Every day, it seems that scientists publish a new technology or algorithm. Artificial intelligence and machine learning are all powerful tools that can help people worldwide and speed up research itself. One might ask whether these approaches still require some human supervision.
One labour-intensive task for ecologists and conservationists around the world is to catalogue and monitor forest habitats. Terrestrial Laser Scanning (TLS) is becoming one of the mainstream approaches to take a 3D scan of an individual tree or forest patch to extract different measurements (e.g. number of trees, tree height, tree diameter). This computationally challenging approach is prone to high error rates as it relies on algorithms determining what a tree or a tree part is in a 3D point cloud (i.e. image).
Dr Olivier Martin-Ducup from the University of Montpellier and colleagues from the University of Yaoundé, Aalto University and Tampere University compared automatic and human-associated tree measurements in a one hectare plot in the Dja Faunal Reserve in Cameroon. The researchers found that when they isolated trees on the laser scans, they reduced the measurement errors by a factor of three to ten times.

In 2018, Martin-Ducup and colleagues established a 1 ha forest plot in the Dja Faunal Reserve. The team measured 391 trees and scanned the plot in a snaking pattern. The tree, Uapaca guineensis, was the most common species, whilst Irvingia grandifolia had the largest diameter (1.2 m).

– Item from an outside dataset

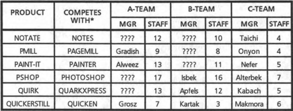 «The Ex-General Markov and the six product managers who were responsible for delivering prod- ucts to compete directly with Quicken, QuarkXpress, Photo- shop, Painter, Lotus Notes, and PageMill, respectively. Under each product manager was an A-Team, a B-Team, and a C- Team, the three separate units competing to produce the best product fastest.»

The scientists tested five fully automated pipelines using different software, algorithms and settings. The three main steps were to first localise and isolate individual trees from the LIDAR-generated 3D point cloud, segment the leaves and the wood, and reconstruct trees using quantitative structural modelling.
The scientists tested if human assistance at the different processing stages might reduce the error rates at plot, sub-plot and tree-level. The tree height, diameter, crown area, basal area and wood volume were estimated and compared with the manual measurements.

At the tree scale, the researcher found that isolating trees using human assistance reduced the error in the wood volume by a factor of ten. At the 1-ha plot scale, locating trees with human assistance reduced the error by a factor of three.
“The results showed that all the pipelines returned poorly reliable results when performed fully automatically,” Martin-Ducup and colleagues write.
“This finding highlights the risk of blindly using these automated treatments at the plot scale. However, we demonstrated that providing human assistance, even limited assistance, in critical steps in the automated pipeline methods could greatly help reduce the estimation errors.”
LIDAR scanning, machine learning and artificial intelligence are all exciting new tools that can help scientists, conservationists and land managers. But telling trees in a 3D image can still be done better by a person.